The inverse negates both parts:

Inverse: If it is not raining, then the ground is not wet. $(\neg p \rightarrow \neg q)$

Again, this is not necessarily true. It might not be raining right now, but the ground could still be wet from earlier rain.

The contrapositive both switches and negates:

Contrapositive: If the ground is not wet, then it is not raining. $(\neg q \rightarrow \neg p)$

Here is the key insight: the contrapositive is always logically equivalent to the original statement. If the original is true, the contrapositive must be true, and vice versa. Think about it: if rain always makes the ground wet, then finding dry ground means it cannot be raining.

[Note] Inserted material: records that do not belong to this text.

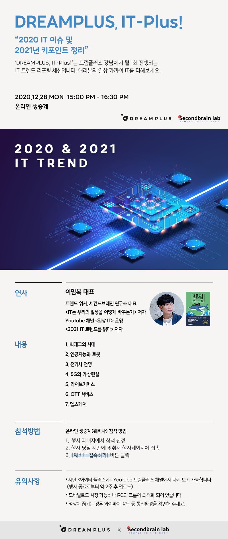 한화생명 드림플러스가 주최하는 IT PLUS가 오는 12월 28일 월요일 15시에 진행된다. 온라인 웨비나로 진행되는 이번 행사는 2020년 IT 이슈 총정리 및 2021년 관전 포인트를 주제로 한다. 이번 행사에는 트렌드 워커이자 세컨드브레인 연구소 이임복 대표가 연사로 나선다. 이번 행사에서는 빅테크의 시대, 인공지능과 로봇, 전기차 전쟁, 5G와 가상현실, 라이브커머스, OTT 서비스, 헬스케어를 주제로 IT 이슈에 대한 이야기가 진행된다. 이번 행사는 관심 있는 누구나 참여 가능하다.
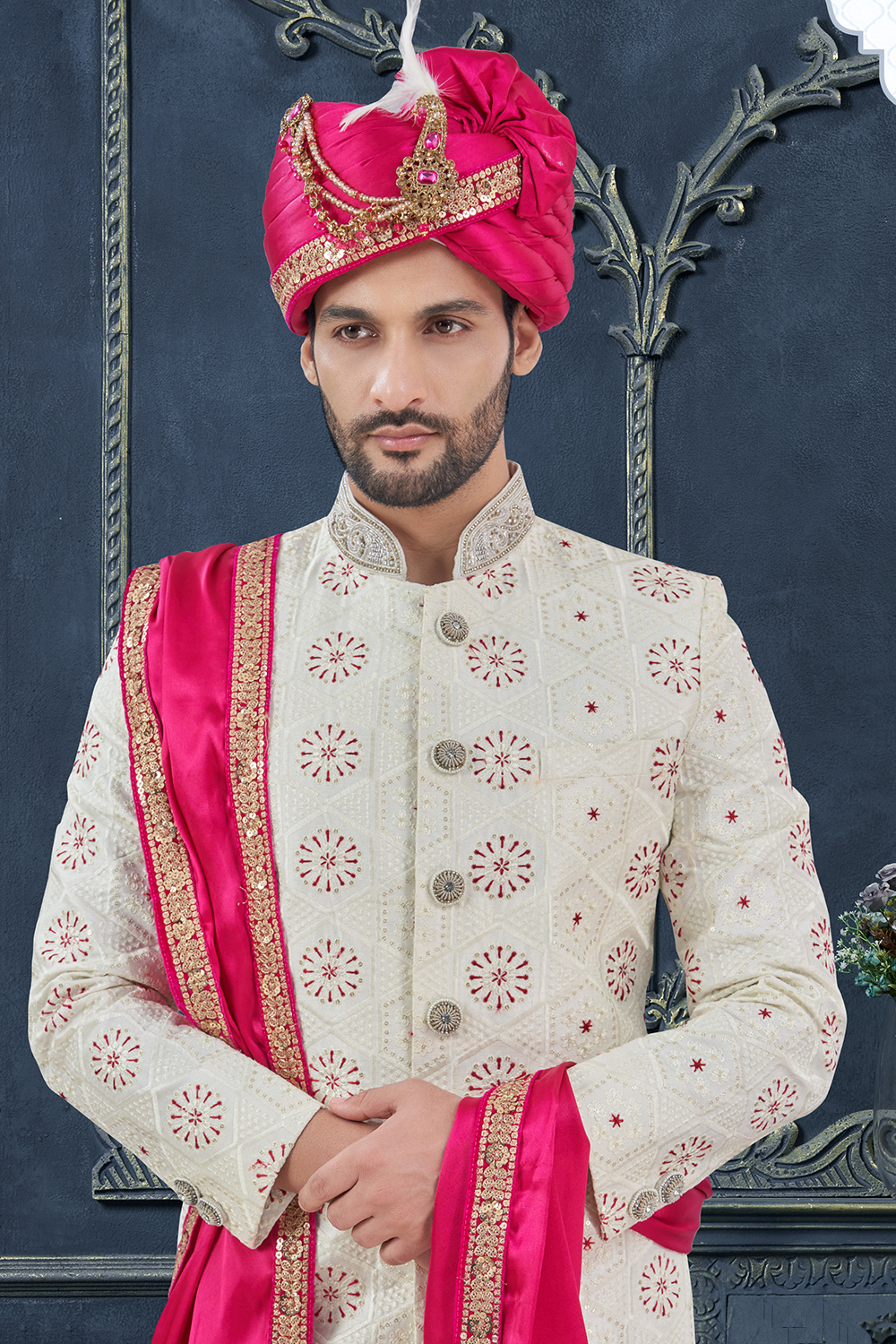 Elevate your style for any festive gathering with this striking off white men's sherwani ensemble. Crafted from silk blend fabric, it boasts intricate resham thread, beads, pearl, zari, stone, and sequins work. which enhances its timeless charm. The chinese collar and full sleeves offer a stylish touch, while the bottom is made of a silk blend fabric, which completes the look.
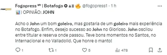 John é um bom goleiro e tem potencial para assumir a meta do clube carioca. Com a saída de Lucas Perri, John não terá dificuldades para ser o titular. Embora, o Fogão conte com Gatito Fernandez.
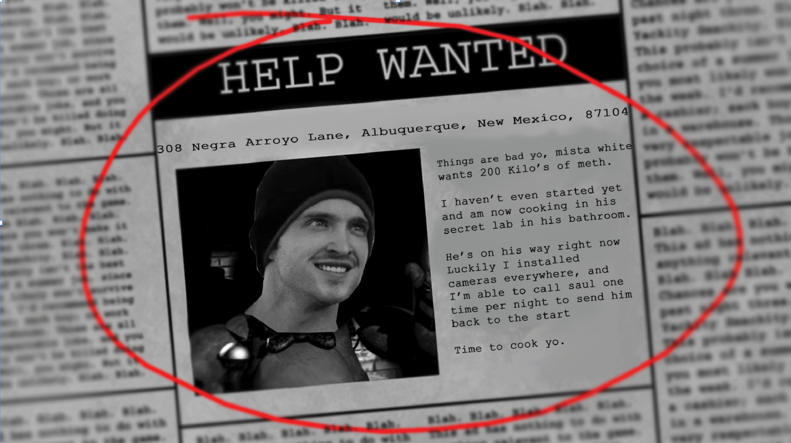 Je speelt als Jesse Pinkman die vastzit in de badkamer van het huis van Walter White, waar Walter White 's nachts probeert binnen te komen. Je moet genoeg meth koken om Walter White tevreden te maken wanneer hij binnen komt, anders zal hij boos worden en je vermoorden. Je kan op de camera's kijken waar Walter op dat moment is en je kan eén keer per nacht Saul Goodman bellen om Walter White terug te sturen naar het begin.
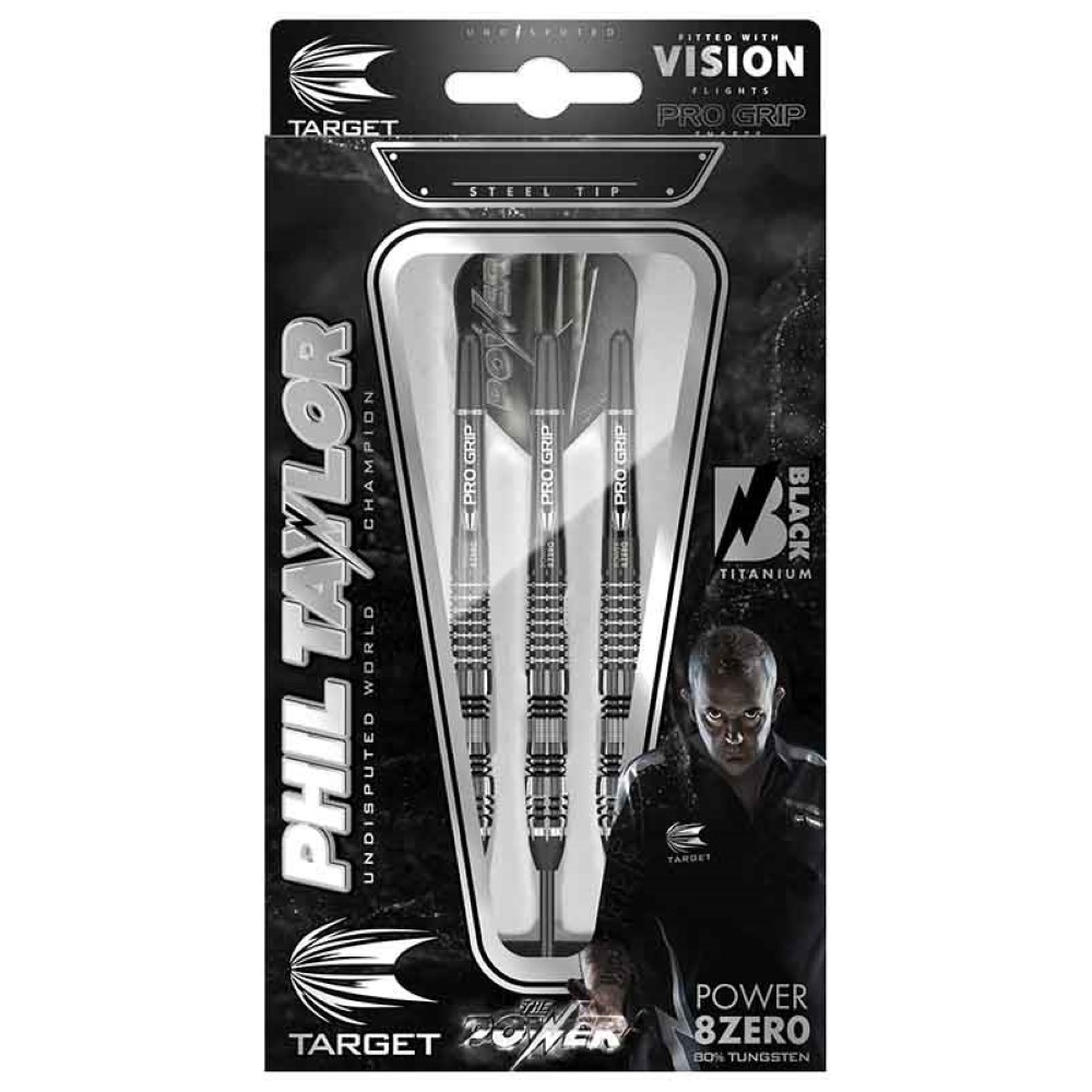 El juego de dardos se compone por 1 set de 3 cuerpos Phil Taylor Power 8Zero 4 Black, 1 set de 3 cañas Pro Grip y 1 set de plumas Target The Power Phil Taylor.
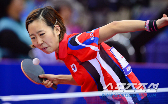 4일 오후 경기도 수원체육관에서 2014 인천 아시안게임 탁구 여자 단식 4강전이 열렸다. 한국 양하은이 중국 리우 쉐엔을 상대로 서브 공격을 시도하고 있다.

Form Structure From “If raining, then wet”
Conditional If $p$, then $q$ If raining, then wet
Converse If $q$, then $p$ If wet, then raining
Inverse If not $p$, then not $q$ If not raining, then not wet
Contrapositive If not $q$, then not $p$ If not wet, then not raining

Remember: The conditional and contrapositive are logically equivalent. The converse and inverse are logically equivalent to each other, but not to the original.

Biconditional Statements

Sometimes a statement and its converse are both true. When this happens, we can combine them into a single biconditional statement using the phrase “if and only if.”

Consider this statement about angles: “An angle is a right angle if and only if it measures 90 degrees.”

This means two things are true:

  1. If an angle is a right angle, then it measures 90 degrees.
  2. If an angle measures 90 degrees, then it is a right angle.

The biconditional is written symbolically as $p \leftrightarrow q$, and it is true only when both the conditional and its converse are true.

Biconditionals often appear as definitions in mathematics. When you see “if and only if” (sometimes abbreviated “iff”), you know the relationship works both ways.

Laws of Logic: Building Chains of Reasoning

Two fundamental laws allow us to connect statements and build arguments.

Law of Detachment (Modus Ponens)

If you know that a conditional statement is true, and you know that the hypothesis is true, then you can conclude that the conclusion is true.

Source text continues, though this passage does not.